Debo comenzar diciendo que me considero fanático de Rhapsody (Of Fire) desde el primer momento, cuando por allá por el año 2000 un primo me pregunta si me gusta el Metal y, como yo andaba en la onda de Korn y Slipknot, y disfrutando desde siempre Metallica. Le dije que sí, me pregunta si me gustan las historias de dragones, castillos y caballeros, y como siempre me han fascinado las historias medievales, también le dije que sí. En ese momento me mostró el video de Holy Thunderforce… fue amor a primera vista/escucha. Desde entonces estos italianos han sido mi banda de cabecera, no importa cuántas bandas más aparezcan, ésta es mi banda favorita y no creo que algún día esto cambie y, obviamente, personalmente siempre serán Rhapsody a secas.

Ahora, desde «Symphony Of Enchanted Lands Part II – The Dark Secret» que estos italianos venían sonando un poco distinto. Luego vino el fugaz paso de Tom Hess y la partida del gran Luca Turilli. El lanzamiento de «Dark Wings Of Steel», primer álbum sin Turilli, no dejó indiferente a nadie, un material de buena calidad pero que a los más «cuadrados» no terminó de convencernos totalmente.

Cuando el 2015 anunciaron que se venía nuevo material, finalmente todo se dio bastante rápido. Supimos el nombre del disco que, al menos a unos cuantos, no nos provocó muchas reacciones; conocimos la carátula del disco, que todavía no convence en demasía, pero los títulos de los temas que lo conforman hacían emocionarse un poco. Entonces comenzaron a liberar fotos de la grabación, luego pequeños videos, posteriormente algunos adelantos del disco y, cuando ya lograron tenernos como niños esperando que le compraran su soñada consola de videojuegos, llegó el día. «Into The Legend» (2016) es simplemente el nuevo disco de Rhapsody Of Fire que algunos veníamos extrañando hace ya un tiempo.
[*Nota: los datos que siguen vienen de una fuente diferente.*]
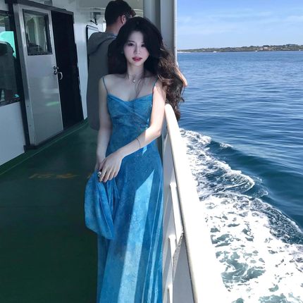 夏日绝美度假风法式设计感扎染蓝色吊带连衣裙女2025夏季新款长裙
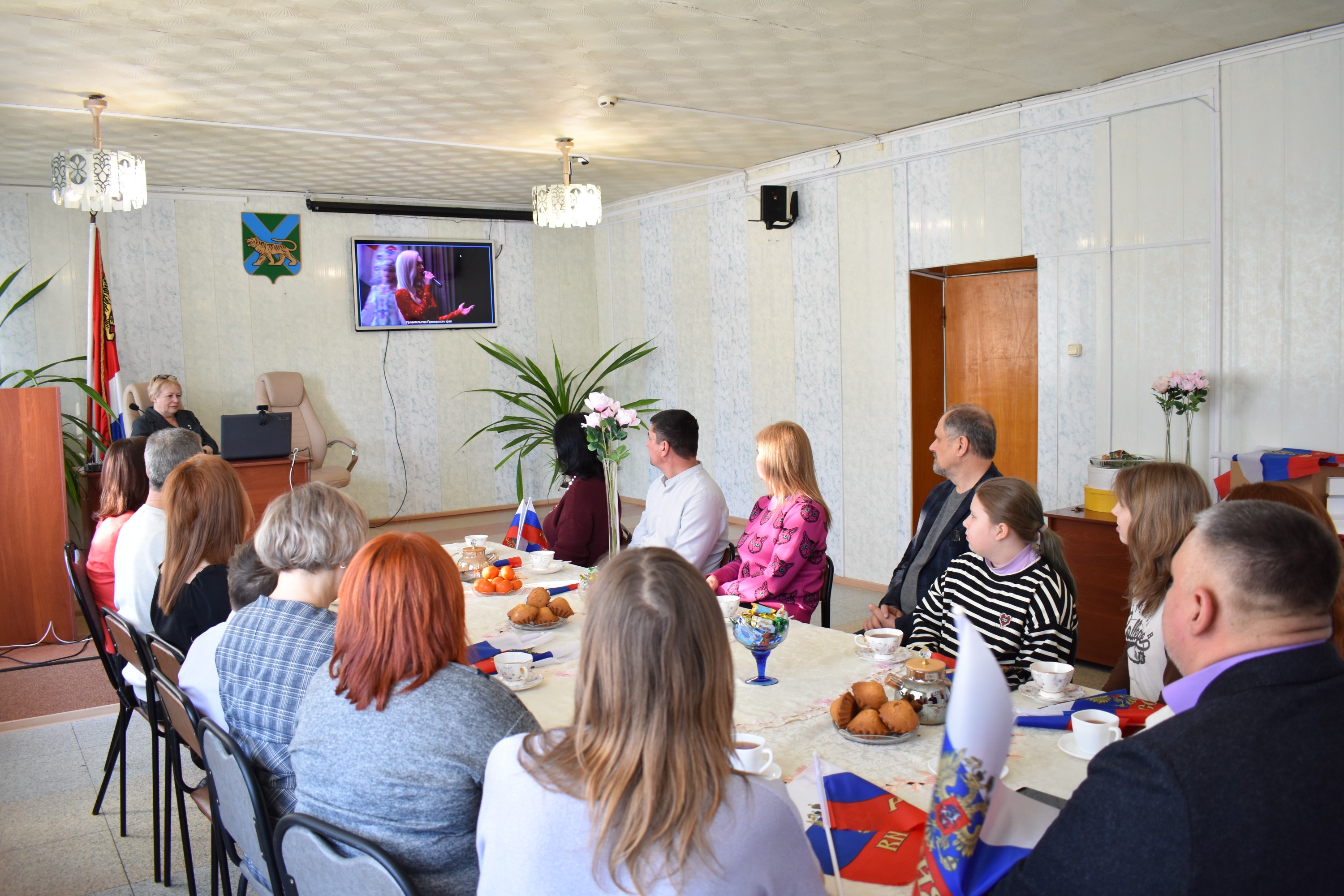 В зале заседания администрации муниципалитета за чашкой чая собрались дружные семьи, которые смогли выделить несколько часов свободного времени в плотном рабочем графике. Участники телемоста делились собственными семейными традициями, рассказывали интересные истории из жизни своей ячейки общества. Родители и их дети с удовольствием наблюдали за торжественной церемонией открытия Года на большом экране.
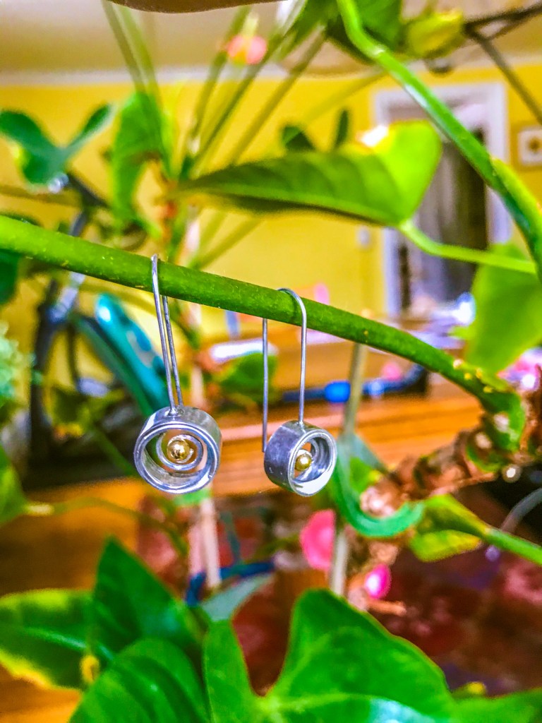 Handcrafted spiral sterling silver and 14kt gold earrings.
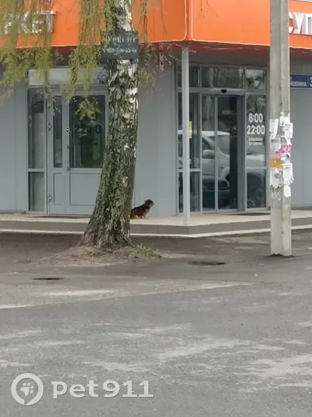 Маленькая собачка у магазина Фрегат в Глинищево Брянской области. Видела в 13:30 17 апреля. Без хозяев.
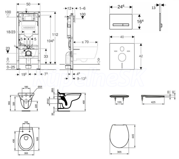- predstenový inštalačný prvok Geberit Duofix, so splachovacou nádržkou pod omietku
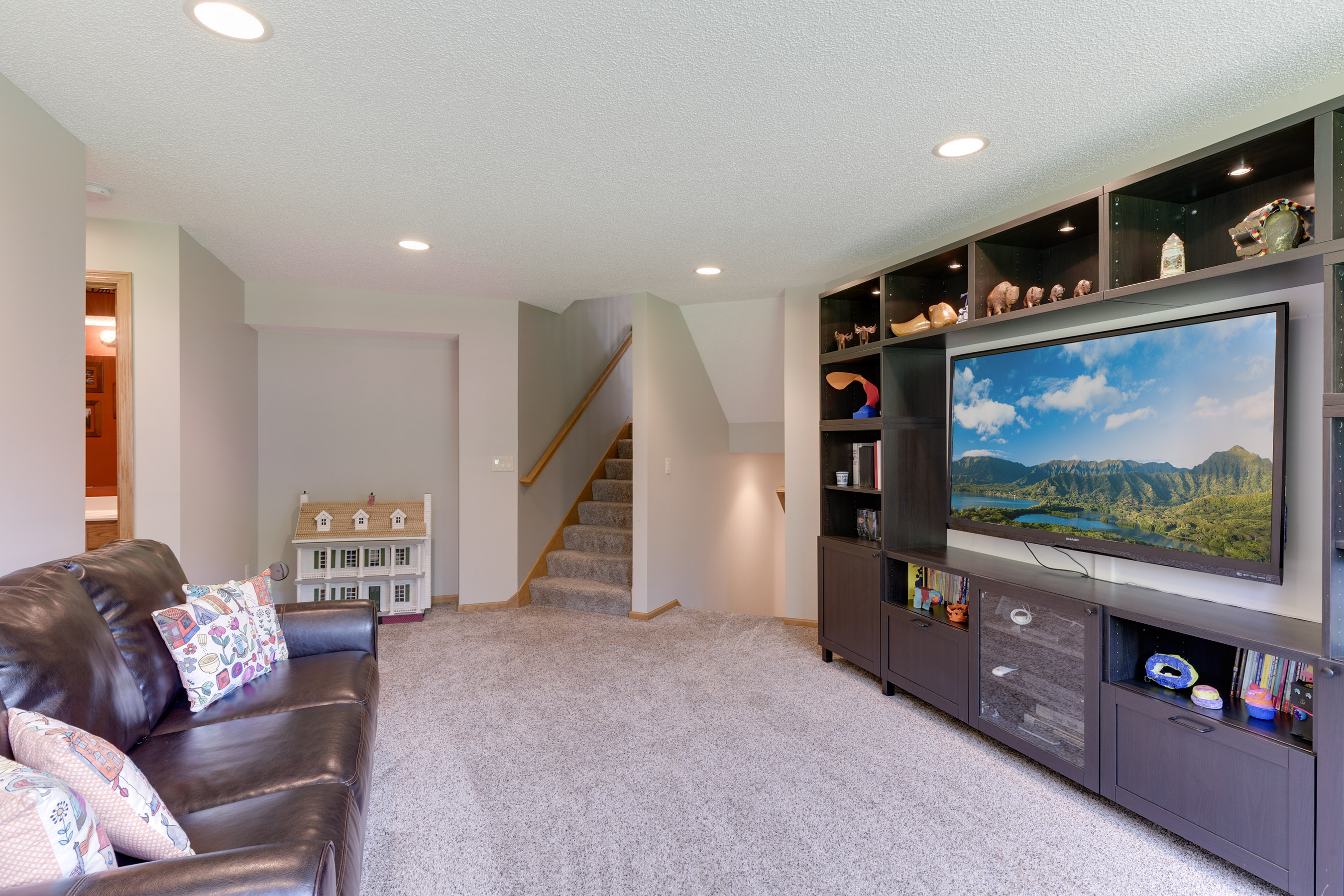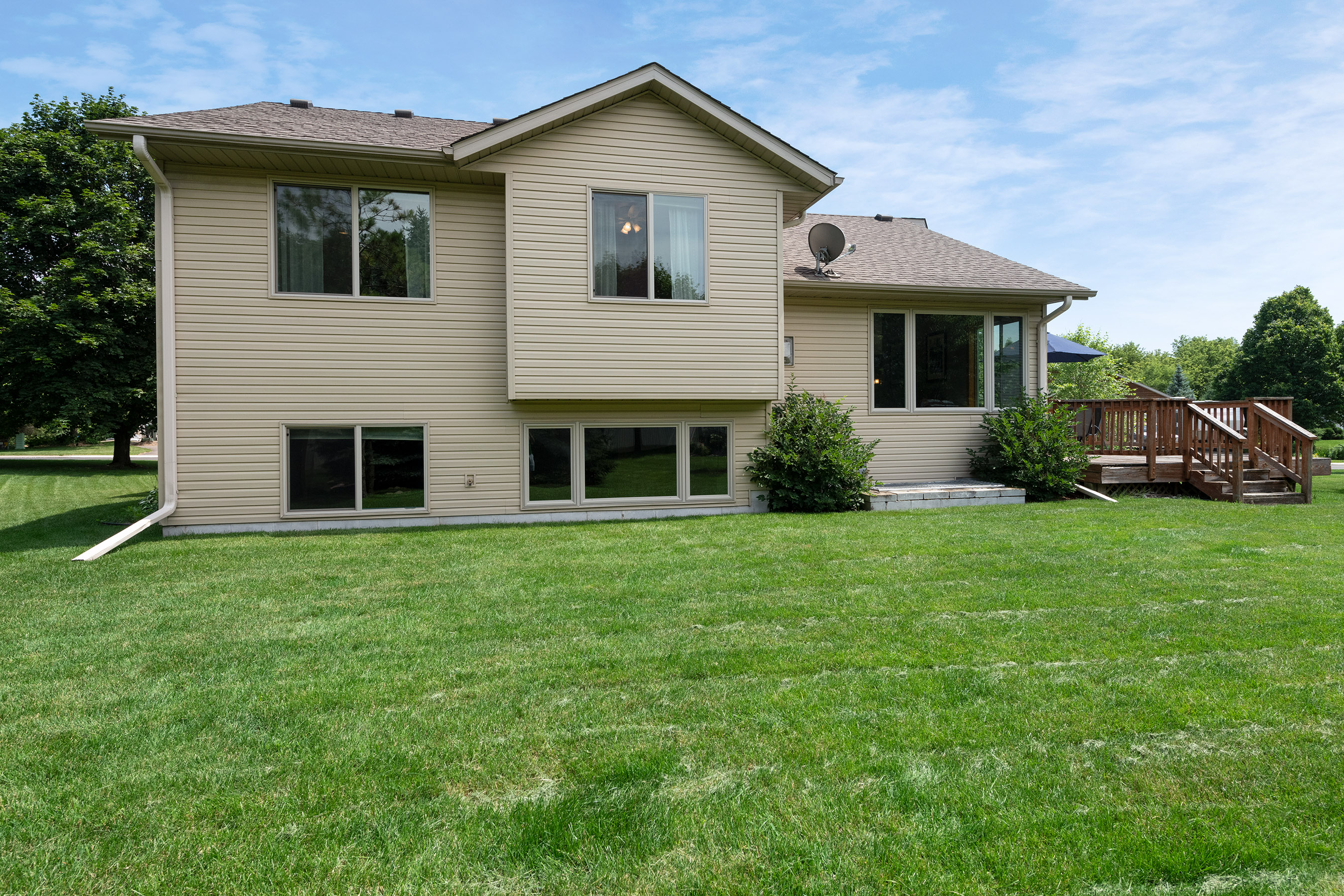 Spacious 4- level split located in South Lakeville on huge lot! Nice sprawling floor plan w/ large foyer. Living room has vaulted ceilings w/lots extra large windows for natural light. Kitchen features updated appliances with ample storage. Generous sized eat in kitchen dining area! Lower level features two bedrooms and nicely sized family room that is perfect for movie night! Sit on your deck overlooking your large yard! Home is across the street from the access to Lake Marion walking trails, parks, shopping and more! High demand Lakeville South Schools!

El disco abre los fuegos con In Principio, un prólogo que lleva la mente fácilmente a una escena tipo «The Lord Of The Rings», golpeando con unos potentes arreglos corales y orquestales que gritan a todo pulmón que ni el «Hollywood Metal» ni el «Film Score Metal» han muerto, aumentando la excitación poco a poco para darle finalmente paso a lo que esperábamos: Distant Sky, que abre con toda la potencia que estos italianos nos tenían acostumbrados y con un Roby De Micheli totalmente inspirado, con unos riffs que recuerdan lo que fue ese Rhapsody de fines de los ’90, con la batería del siempre preciso Alex Holzwarth manteniendo el paso rápido y con precisión de relojero suizo, el aporte de Alessandro Sala en las cuatro cuerdas también es indispensable en la base rítmica de un tema con importantes quiebres donde el, a veces no bien ponderado, gran Fabio Lione se luce considerablemente, logrando transportarnos a ese universo fantástico donde debemos emprender el viaje hacia los cielos lejanos para alcanzar nuestro objetivo y encontrar lo que andamos buscando… un inicio de álbum como los de antaño.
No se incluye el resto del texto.